Content starts

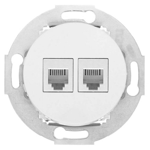 Круглая двойная компьютерная розетка 2хRJ-45 категории 6, предназначается для подключения компьютерного оборудования. Подключение производиться через витую неэкранированную пару (UTP), обеспечивает передачу сигналов частотой 100 МГц.
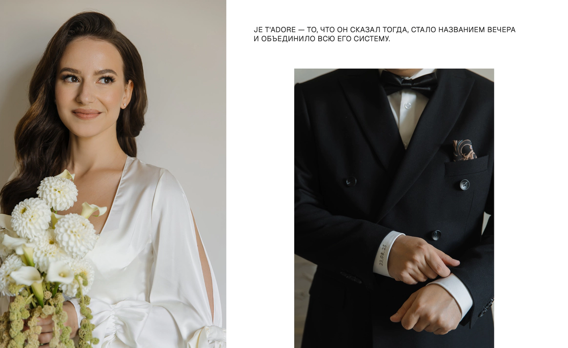 Je t’adore стала эмоциональным центром проекта и задала интонацию всей свадьбы, объединив смысловую и визуальную систему.
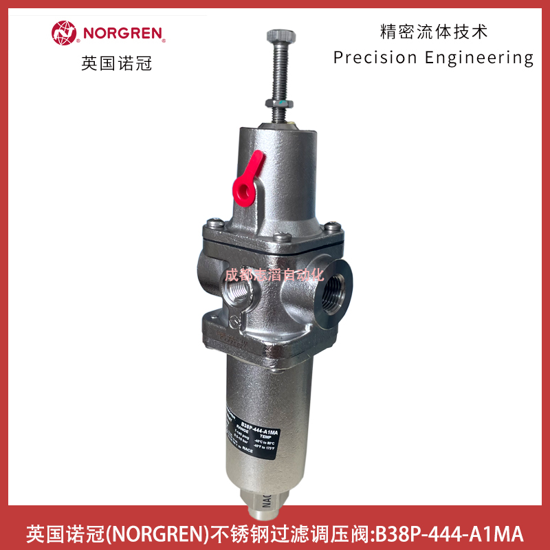 B38P-444-A1MA英国诺冠不锈钢过滤调压阀NORGREN气源处理器技术参数简介:接口尺寸1/2NPT、出口压力0.5-10bar、过滤精度为5um、流量为40升/min、排水方式自动、重量为2.41kg、材料壳体,滤杯,上盖,滤芯以及调节螺钉为316不锈钢、密封为FKM或NBR、环境及流体温度范围为-20到80摄氏度、进口压力可达17bar、产地为中国!
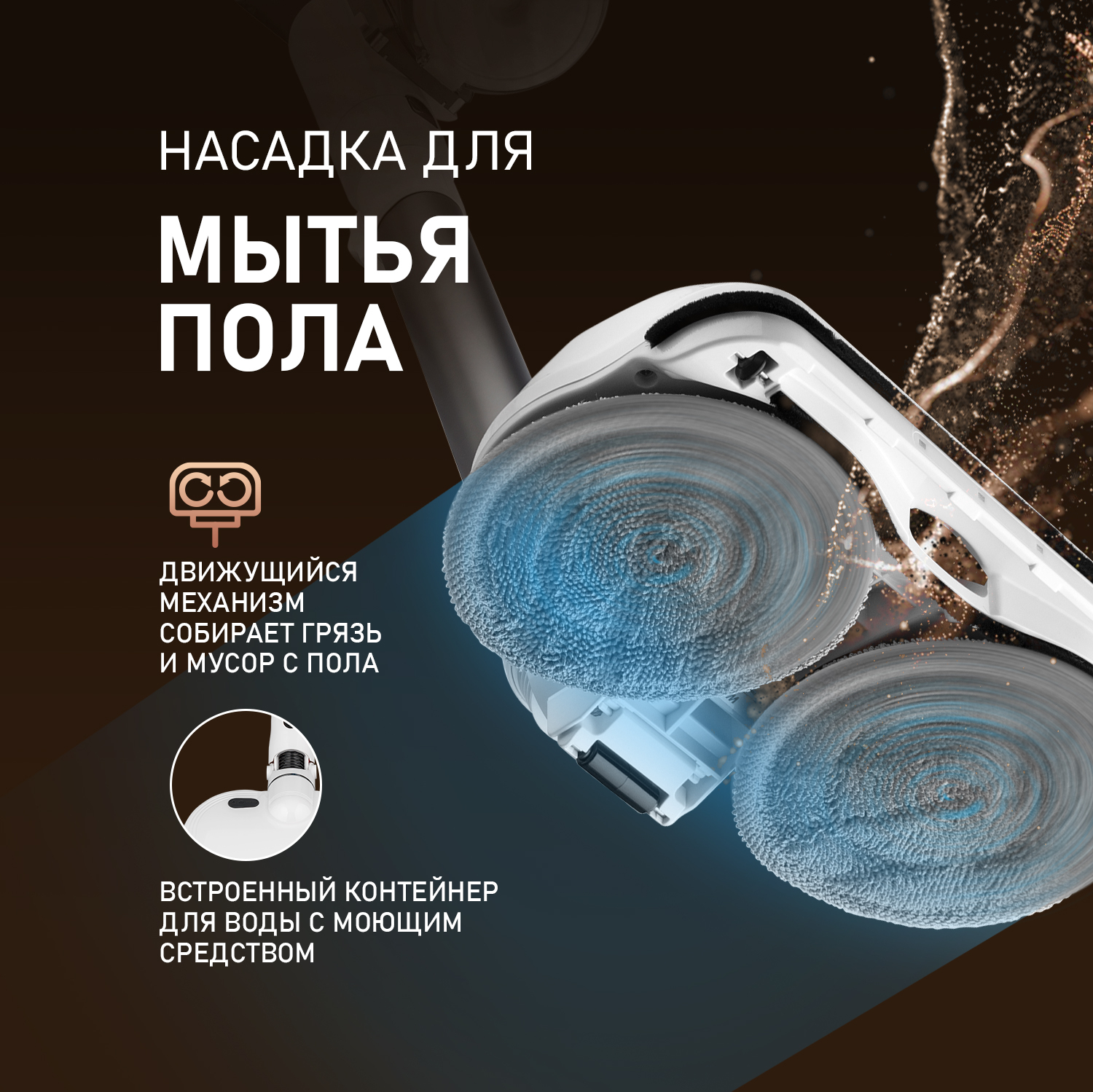 Режим влажной уборки, реализованный благодаря специальной насадке, оснащенной резервуаром для залива воды, позволит использовать этот пылесос не только для сбора пыли, но и для полноценного качественного мытья пола!
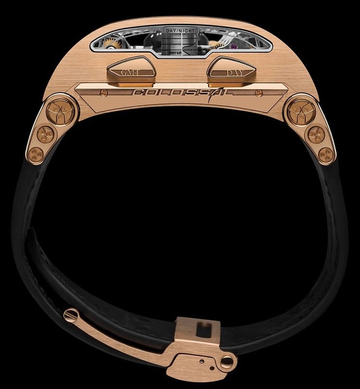 Powered by the in-house 186-jewel Hysek HW80 automatic movement with a twin-barreled winding system, the Colossal has a 42-hour power reserve and is water resistant to 100 feet (in case some madman decides to take this fancy piece for a swim).  There will only be eight of these Swiss-made magnificent timepieces created, so their uniqueness in the world is assured.   [via]
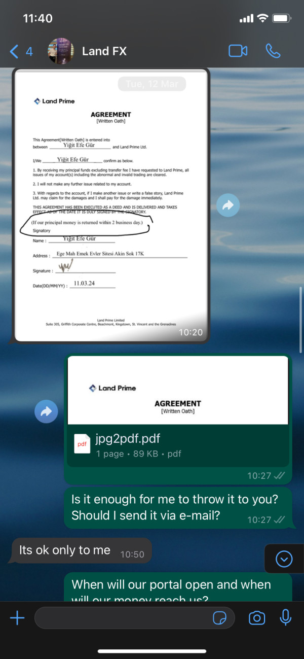 After waiting for a long time, like 1 month, for our withdrawal request through the company, they told us that we had made a mistake and that we could only withdraw our principal, not our profit. And they sent a document for this. And so I sent this document and forwarded it to them both via e-mail and WhatsApp, and they made it possible to withdraw money on our portal. Later, the support line at +63 927 574 0301 told me that if I write my TRC20 address in the bank transfer section and withdraw my money that way, my money will reach me faster. Withdrawals made via TRC20 arrive within the day. For bank transfer, the limit was a maximum of 5 business days. Even though 7 working days have passed today, our money still hasn't arrived! And again they do not answer us either via e-mail or WhatsApp! Even though they made us sign a document stating that they would pay us our principal, they did not pay us our money for 7 working days and we cannot reach them in any way!
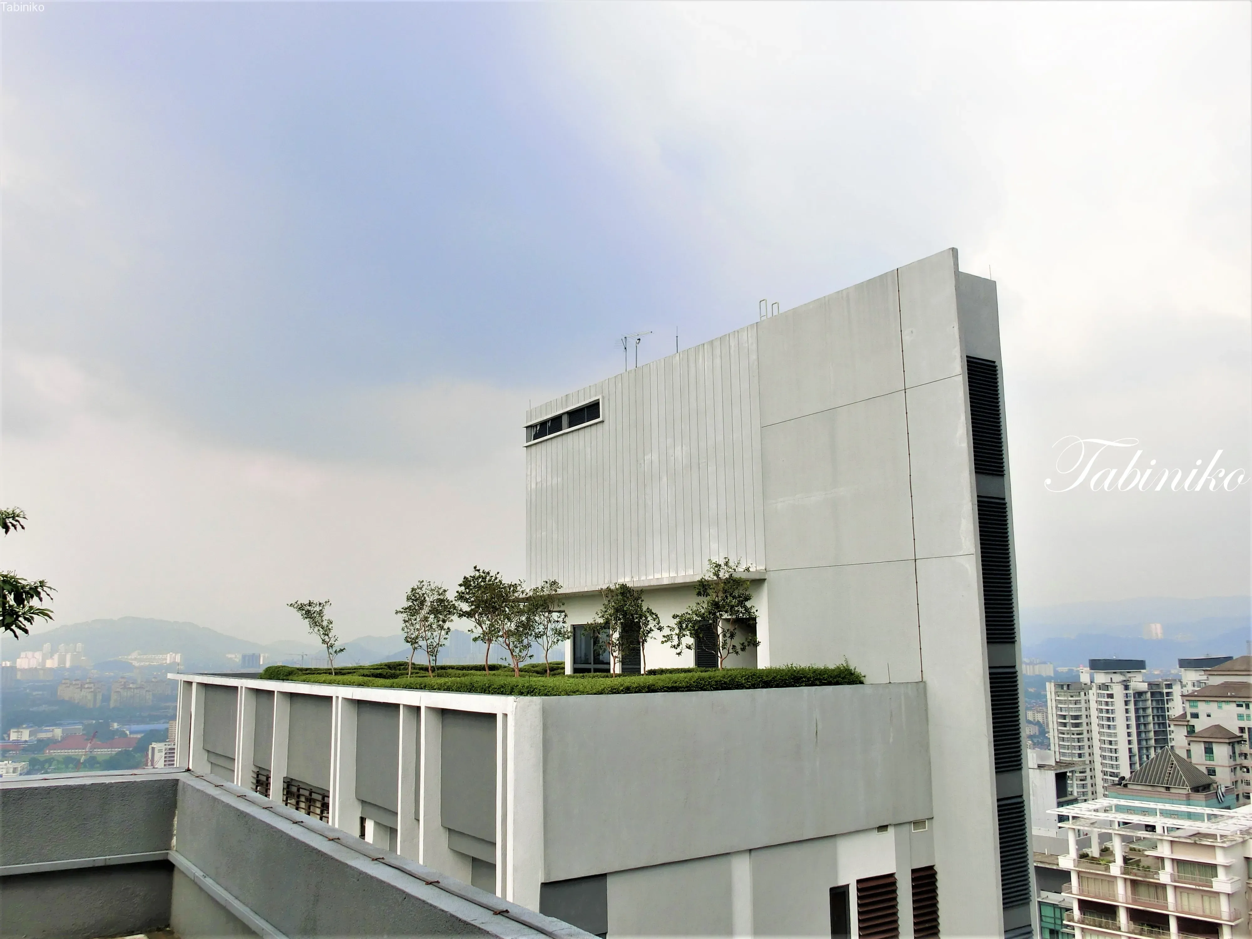 Welcome to the Sky Garden on the 38th floor! You can take photos with the Twin Towers as a backdrop. The Sky Garden is located on the top floors of Tower A and Tower B, and it is a lush, green park in the sky!

Content ends

(The task) After removing the pictures, restate the whole listing above word for word.

(Task response)
 Круглая двойная компьютерная розетка 2хRJ-45 категории 6, предназначается для подключения компьютерного оборудования. Подключение производиться через витую неэкранированную пару (UTP), обеспечивает передачу сигналов частотой 100 МГц.
 Je t’adore стала эмоциональным центром проекта и задала интонацию всей свадьбы, объединив смысловую и визуальную систему.
 B38P-444-A1MA英国诺冠不锈钢过滤调压阀NORGREN气源处理器技术参数简介:接口尺寸1/2NPT、出口压力0.5-10bar、过滤精度为5um、流量为40升/min、排水方式自动、重量为2.41kg、材料壳体,滤杯,上盖,滤芯以及调节螺钉为316不锈钢、密封为FKM或NBR、环境及流体温度范围为-20到80摄氏度、进口压力可达17bar、产地为中国!
 Режим влажной уборки, реализованный благодаря специальной насадке, оснащенной резервуаром для залива воды, позволит использовать этот пылесос не только для сбора пыли, но и для полноценного качественного мытья пола!
 Powered by the in-house 186-jewel Hysek HW80 automatic movement with a twin-barreled winding system, the Colossal has a 42-hour power reserve and is water resistant to 100 feet (in case some madman decides to take this fancy piece for a swim).  There will only be eight of these Swiss-made magnificent timepieces created, so their uniqueness in the world is assured.   [via]
 After waiting for a long time, like 1 month, for our withdrawal request through the company, they told us that we had made a mistake and that we could only withdraw our principal, not our profit. And they sent a document for this. And so I sent this document and forwarded it to them both via e-mail and WhatsApp, and they made it possible to withdraw money on our portal. Later, the support line at +63 927 574 0301 told me that if I write my TRC20 address in the bank transfer section and withdraw my money that way, my money will reach me faster. Withdrawals made via TRC20 arrive within the day. For bank transfer, the limit was a maximum of 5 business days. Even though 7 working days have passed today, our money still hasn't arrived! And again they do not answer us either via e-mail or WhatsApp! Even though they made us sign a document stating that they would pay us our principal, they did not pay us our money for 7 working days and we cannot reach them in any way!
 Welcome to the Sky Garden on the 38th floor! You can take photos with the Twin Towers as a backdrop. The Sky Garden is located on the top floors of Tower A and Tower B, and it is a lush, green park in the sky!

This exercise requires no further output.